If a crisis isn’t mentioned in a presidential debate (as the national housing crisis was not, in either of the televised colloquies over the past week), does that mean it doesn’t exist?
Of course not. Whether the candidates are willing to discuss it or not, the affordable housing shortage remains a damper on economic vitality and job creation. Burlington’s latest housing market analysis (July 31) gets to this point right in the first paragraph:
“Burlington’s housing market is marked by an imbalance between supply and demand. … The rental housing imbalance translates into high housing costs (relative to income) and lower quality rental housing stock. … An imbalanced rental housing market also impedes economic growth since employers have trouble recruiting and retaining their workforce.”
The same can be said for many other communities in Vermont and beyond, as seen in these news bulletins from the last few days:
- Toyota Financial Services decided to pull out of Los Angeles and move to Plano, Texas, in part because of LA’s high housing costs and rent burdens.
- Well up the coast, in northwest Oregon, the lack of affordable housing “threatens the viability” of major cheese company that is subsidizing a housing task force in a county, beset by negligible development.

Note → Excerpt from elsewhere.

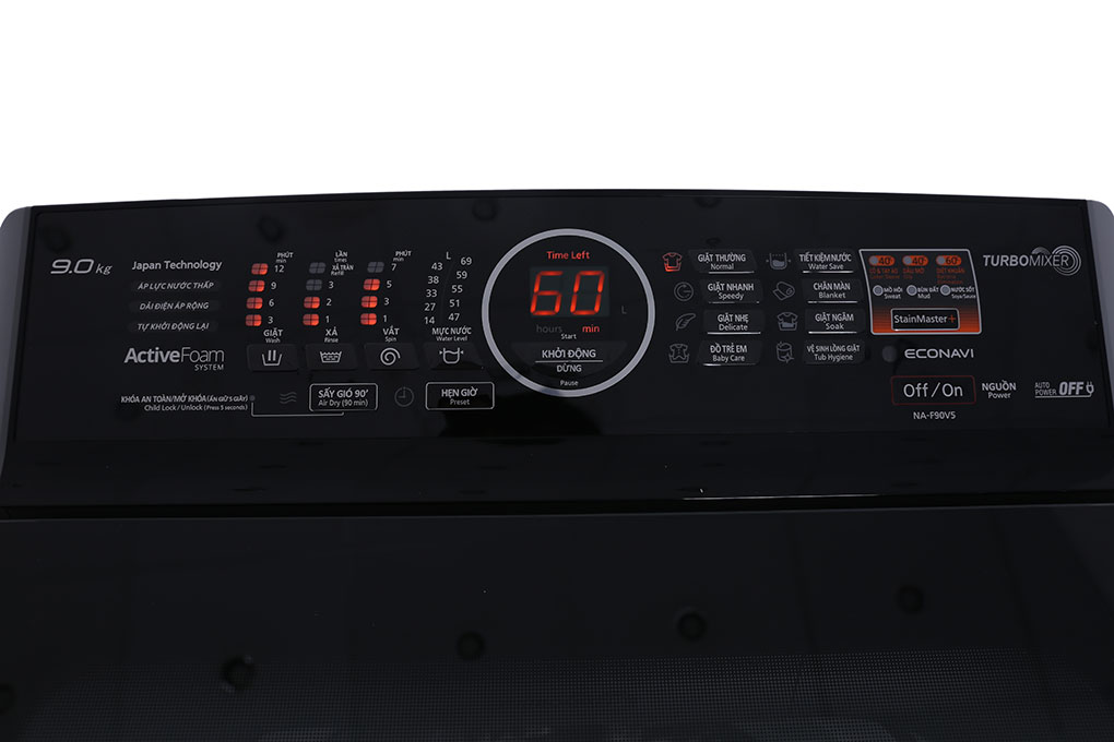 Máy giặt Panasonic NA-F90V5LMX còn được tích hợp công nghệ Active Foam thế hệ mới giúp tạo ra các bọt xà phòng đậm đặc, tăng cường hiệu quả giặt và không còn cặn bột giặt bám trên quần áo, hoạt động ngay cả ở nơi có áp lực nước thấp.

- In Key West, the Naval Air Station has trouble retaining civilian employees because of high housing costs. About half the base’s firefighter recruits wind up leaving after a few months’ training because they can’t afford to live there, according to the chief.
- In Travers City, Mich., the housing shortage repels new workers, in a kind of vicious cycle. “Builders can’t construct housing because they lack works and workers won’t relocate to the area because they can’t find housing,” The Traverse-City Record-Eagle laments.
- Colorado, the rental market is so tight in some ski towns that some workers are living in their cars or in temporary shelters. Several hundred Vail Resort workers recently confronted another kind of indignity: they were informed that they’d have to share rooms in the employer’s housing complexes.